What you should do ->
Please reproduce the data exactly, though every picture must stay out.

Data provided ->
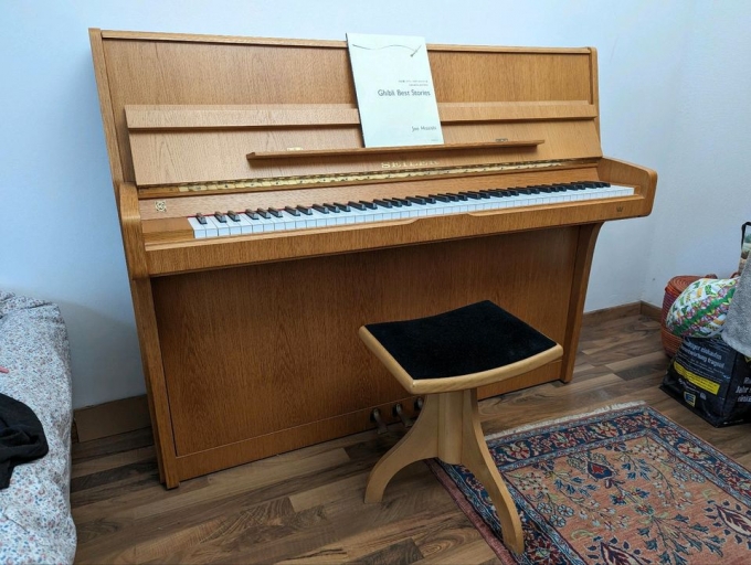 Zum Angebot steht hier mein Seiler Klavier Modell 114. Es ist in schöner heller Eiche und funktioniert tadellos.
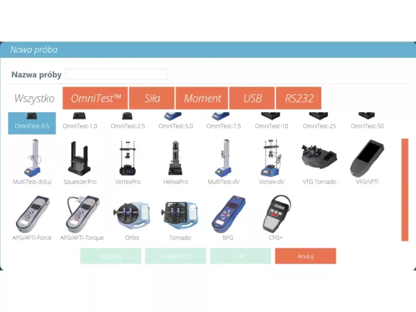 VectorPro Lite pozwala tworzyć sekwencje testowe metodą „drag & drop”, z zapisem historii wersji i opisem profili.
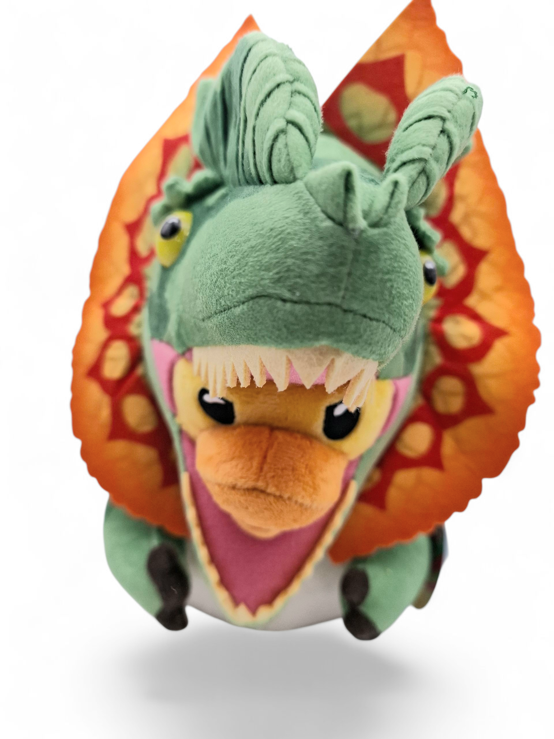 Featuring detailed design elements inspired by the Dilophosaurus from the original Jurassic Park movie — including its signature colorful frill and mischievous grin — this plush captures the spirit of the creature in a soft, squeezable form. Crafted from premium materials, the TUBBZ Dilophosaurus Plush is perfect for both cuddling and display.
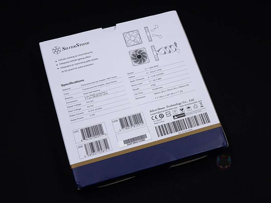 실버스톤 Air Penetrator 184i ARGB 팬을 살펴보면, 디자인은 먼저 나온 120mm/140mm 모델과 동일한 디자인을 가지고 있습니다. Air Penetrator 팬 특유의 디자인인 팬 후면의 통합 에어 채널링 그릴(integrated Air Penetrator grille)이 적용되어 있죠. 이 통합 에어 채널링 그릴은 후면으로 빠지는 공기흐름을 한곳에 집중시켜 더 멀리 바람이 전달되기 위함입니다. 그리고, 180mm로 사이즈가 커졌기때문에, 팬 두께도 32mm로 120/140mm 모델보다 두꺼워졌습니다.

Response ->
 Zum Angebot steht hier mein Seiler Klavier Modell 114. Es ist in schöner heller Eiche und funktioniert tadellos.
 VectorPro Lite pozwala tworzyć sekwencje testowe metodą „drag & drop”, z zapisem historii wersji i opisem profili.
 Featuring detailed design elements inspired by the Dilophosaurus from the original Jurassic Park movie — including its signature colorful frill and mischievous grin — this plush captures the spirit of the creature in a soft, squeezable form. Crafted from premium materials, the TUBBZ Dilophosaurus Plush is perfect for both cuddling and display.
 실버스톤 Air Penetrator 184i ARGB 팬을 살펴보면, 디자인은 먼저 나온 120mm/140mm 모델과 동일한 디자인을 가지고 있습니다. Air Penetrator 팬 특유의 디자인인 팬 후면의 통합 에어 채널링 그릴(integrated Air Penetrator grille)이 적용되어 있죠. 이 통합 에어 채널링 그릴은 후면으로 빠지는 공기흐름을 한곳에 집중시켜 더 멀리 바람이 전달되기 위함입니다. 그리고, 180mm로 사이즈가 커졌기때문에, 팬 두께도 32mm로 120/140mm 모델보다 두꺼워졌습니다.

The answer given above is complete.